Your task →
Take the material below and output exactly the run of lines from the one containing "2 db népi fazekas" down to the one containing "这是一首广泛传颂的名作,诗情", with both included.
(Provided data begins)
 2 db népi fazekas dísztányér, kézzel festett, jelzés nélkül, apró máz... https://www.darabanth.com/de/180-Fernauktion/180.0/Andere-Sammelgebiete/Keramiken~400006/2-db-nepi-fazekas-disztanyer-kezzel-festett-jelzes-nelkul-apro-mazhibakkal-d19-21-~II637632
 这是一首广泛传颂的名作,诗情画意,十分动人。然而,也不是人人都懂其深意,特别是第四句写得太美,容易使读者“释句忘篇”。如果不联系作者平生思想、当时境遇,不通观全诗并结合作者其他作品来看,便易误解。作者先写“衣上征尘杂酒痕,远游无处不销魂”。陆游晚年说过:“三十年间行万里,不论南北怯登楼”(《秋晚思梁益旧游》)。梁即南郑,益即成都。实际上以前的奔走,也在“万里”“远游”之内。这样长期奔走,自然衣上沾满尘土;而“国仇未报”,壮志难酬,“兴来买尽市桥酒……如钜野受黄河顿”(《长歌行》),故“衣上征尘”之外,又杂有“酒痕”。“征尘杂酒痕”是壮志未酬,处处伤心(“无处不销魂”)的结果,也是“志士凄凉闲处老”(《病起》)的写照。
(Provided data ends)
(Provided data begins)
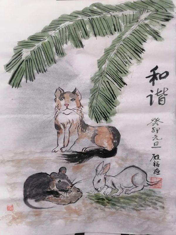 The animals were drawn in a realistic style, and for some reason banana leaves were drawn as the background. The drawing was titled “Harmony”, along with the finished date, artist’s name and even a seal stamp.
(Provided data ends)
Response to the exercise →
 2 db népi fazekas dísztányér, kézzel festett, jelzés nélkül, apró máz... https://www.darabanth.com/de/180-Fernauktion/180.0/Andere-Sammelgebiete/Keramiken~400006/2-db-nepi-fazekas-disztanyer-kezzel-festett-jelzes-nelkul-apro-mazhibakkal-d19-21-~II637632
 这是一首广泛传颂的名作,诗情画意,十分动人。然而,也不是人人都懂其深意,特别是第四句写得太美,容易使读者“释句忘篇”。如果不联系作者平生思想、当时境遇,不通观全诗并结合作者其他作品来看,便易误解。作者先写“衣上征尘杂酒痕,远游无处不销魂”。陆游晚年说过:“三十年间行万里,不论南北怯登楼”(《秋晚思梁益旧游》)。梁即南郑,益即成都。实际上以前的奔走,也在“万里”“远游”之内。这样长期奔走,自然衣上沾满尘土;而“国仇未报”,壮志难酬,“兴来买尽市桥酒……如钜野受黄河顿”(《长歌行》),故“衣上征尘”之外,又杂有“酒痕”。“征尘杂酒痕”是壮志未酬,处处伤心(“无处不销魂”)的结果,也是“志士凄凉闲处老”(《病起》)的写照。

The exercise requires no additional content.